Why it’s unwise for the U.K. to boast about its cyberattack capability
The recent trend to talk more openly about cyber capabilities and the government’s investment in them raises several questions – not least the relative importance of recruiting lots more staff as compared with focus on recruiting and retaining the best cyber talent. Two other major questions stand out. First, with much of the recent news framed as a response to Russian state activities, how should the U.K. respond to hostile acts perpetrated by the Russian state? And second, what role – if any – should the U.K.’s cyber capabilities play in that response – and how much should the U.K. be talking publicly about them?
The cyberattacks described to the Times were mooted as a further component in the wider U.K. response to the chemical weapons attack on the former Russian intelligence officer (and U.K. spy) Sergei Skripal and his daughter Yulia in Salisbury in March. Theresa May, the British prime minister, has now attributed the attack – which also led to the death of a British woman, Dawn Sturgess – to Russia’s military intelligence service and named two Russian nationals as suspects in the attack. The two men have since claimed in an interview with RT that they were “merely tourists” visiting Salisbury cathedral.
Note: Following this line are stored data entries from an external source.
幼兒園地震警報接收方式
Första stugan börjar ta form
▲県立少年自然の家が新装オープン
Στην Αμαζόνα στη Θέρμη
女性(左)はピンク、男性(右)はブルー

The U.K. had already expelled 23 suspected Russian intelligence officers in March as a direct response to the Salisbury attacks, as well as co-ordinating a reciprocal expulsion of more than 100 other Russian intelligence officers from the territory of U.K. allies.
This post-Skripal period of decision making is a critical juncture in the U.K.’s policy towards Russia, raising deeper questions about the U.K.’s wider policy approach to Russia over 20 years or more.
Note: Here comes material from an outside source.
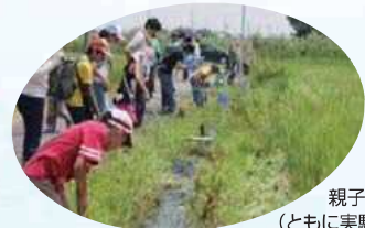
親子自然観察 (ともに実験田にて)
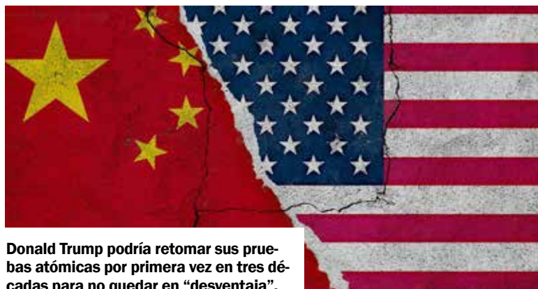
Donald Trump podría retomar sus pruebas atómicas por primera vez en tres décadas para no quedar en “desventaja”.

para “esconder sus actividades del mundo”, Pekín recurrió a técnicas de “desacoplamiento”, como detonar dispositivos a gran profundidad bajo tierra, para que no lo detectaran los sistemas de vigilancia internacionales.

Putting Russia ‘on notice’
The various options for a cyber response mentioned in the Times article were at the restrained and proportionate end of the offensive cyber operations spectrum. One suggestion was to attack computer networks to degrade the operational capacity of Russian military intelligence – rather than, for example, attacking computer networks to threaten essential public services in Russia and risk casualties.
By adding cyberattacks to its wider package of measures in response to the Skripal attack, the U.K. is trying to achieve an overall response that does its best to change Russian state behavior without miscalculating and provoking a worse response in future.
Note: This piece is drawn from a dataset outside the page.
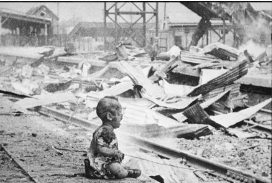
Un copil plânge printre ruinele gării din Shanghai (China, 1937)

The Skripal attack was brutal and reckless, but it doesn’t change the deeper truth that neither U.K. nor Russian interests are served by unlimited, escalating conflict. Both sides need to think carefully about the total size and shape of their respective activities, including cyber operations – but they also need to think about their communication strategies.
The decision made by the anonymous Whitehall sources quoted in the Times is an apparent public avowal of the U.K.’s intention to commit covert activities. It puts Russian intelligence “on notice” that the U.K. intends to unleash a range of irritant attacks to reduce Russia’s capability.
This could have unintended consequences. Now we think we know that the U.K. might conduct some cyber attacks against Russian targets, this could potentially increase the temptation for the Kremlin to shift blame if and when something happens in Russia (a major infrastructure accident perhaps?) that could semi-plausibly be blamed on the U.K.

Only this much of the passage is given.